Steve Hockensmith (born August 17, 1968) is an American author.  He was born in Louisville, Kentucky. He currently lives in California's bay area with his wife, two children, and pet dog.

Biography
Hockensmith is the author of the Holmes on the Range mystery series. The first book in the series, Holmes on the Range (published in 2006), was a finalist for the Edgar, Shamus and Anthony Awards for Best First Novel.

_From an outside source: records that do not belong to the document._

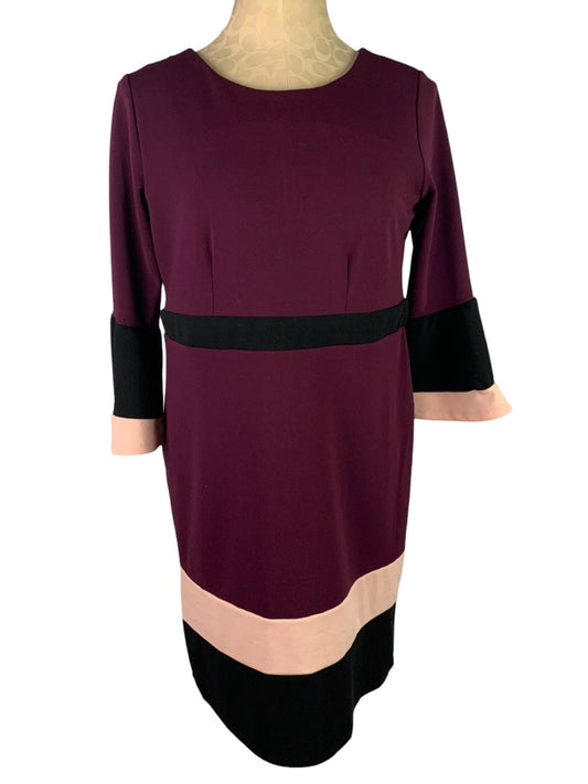 Small Petite NY Collection Purple Pink Color Block Dress Retro Style Bell Sleeve
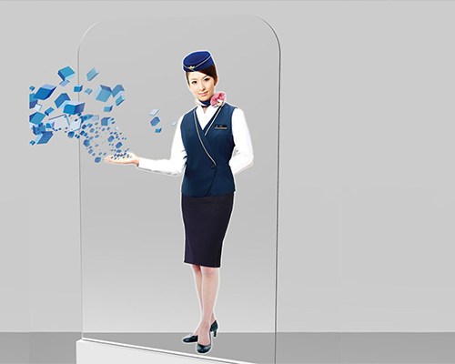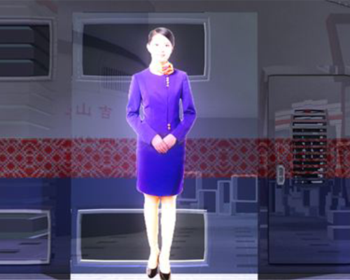 虚拟迎宾是全息投影中的一种,通过投影方式虚拟出逼真的人物形象,并能产生互动效果,当人经过时能做出反应,令光临者惊奇不已。虚拟迎宾绚丽多彩的播放效果、栩栩如生的互动画面,适合多环境播放。 它可以让企业、大型机构、各类运营商或者连锁式机构基于单个终端或网络构建一个可以发布基于视频、图片、Flash动画等多种媒体信息的三维互动触控软件平台,为用户提供高质量的三维触控互动体验。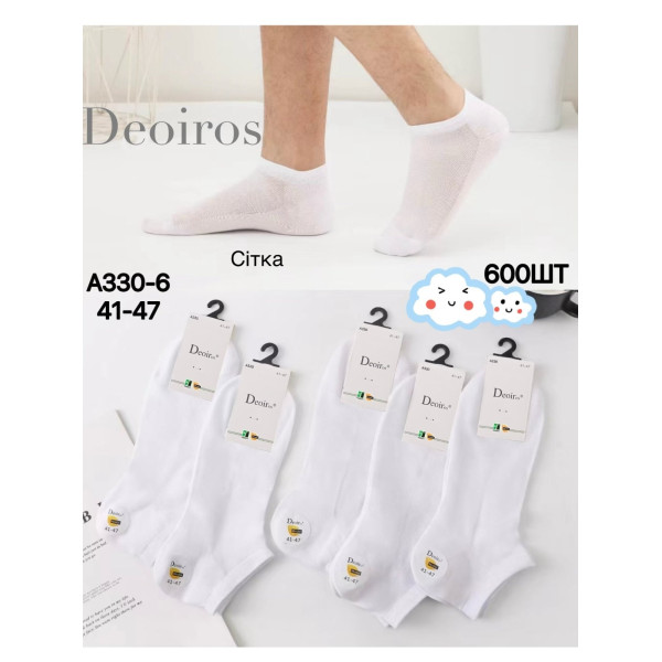 Чоловічі короткі шкарпетки Deoiros A330-6 «Сітка», колір білий, розмір 41-47, опт 600 шт.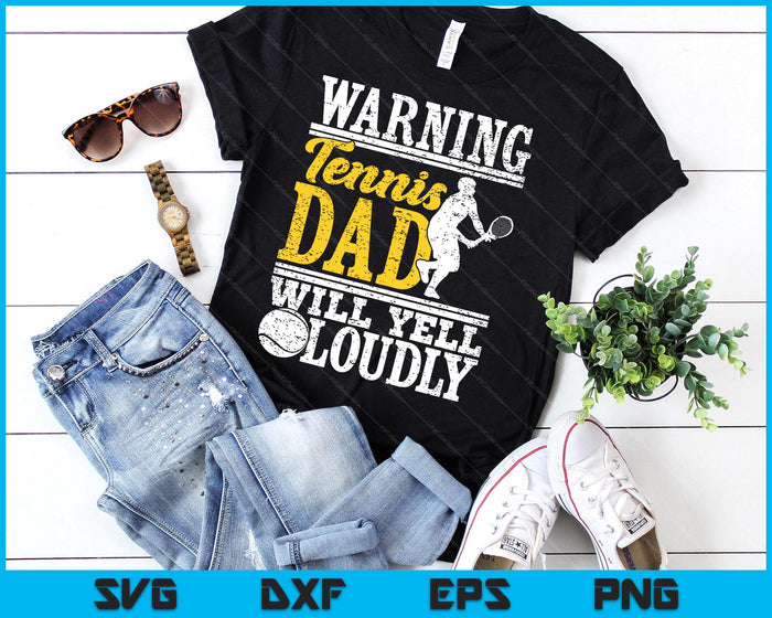 Warning Tennis Dad Will Yell Loudly Father SVG PNG Digital Printable Files
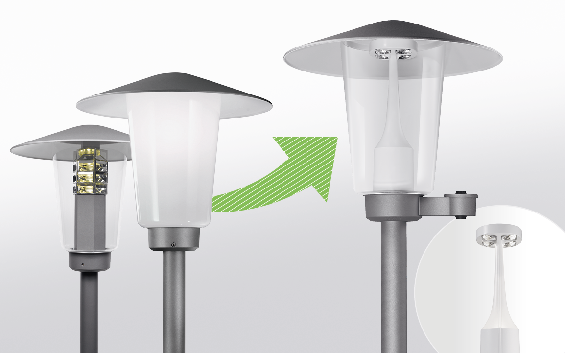 Bestand upgraden durch einfachen Komponententausch. Unter Weiterverwendung des bestehenden Leuchtengehäuses.

Several of Hockensmith's short stories have been nominated for awards in the mystery field. He won the Short Mystery Fiction Society's Derringer Award for "Erie's Last Day," published in the May 2000 issue of Alfred Hitchcock's Mystery Magazine (AHMM). Two subsequent Larry Erie stories, "Tricks" (AHMM, August 2004) and "The Big Road" (AHMM, May 2005), were finalists for the Shamus Award for Best Short Story from the Private Eye Writers of America (PWA). "The Big Road" was also nominated for the Anthony and Barry Awards. More recently, a Big Red/Old Red story, "Dear Dr. Watson" (published in the February 2007 EQMM), was a finalist for the Anthony Award.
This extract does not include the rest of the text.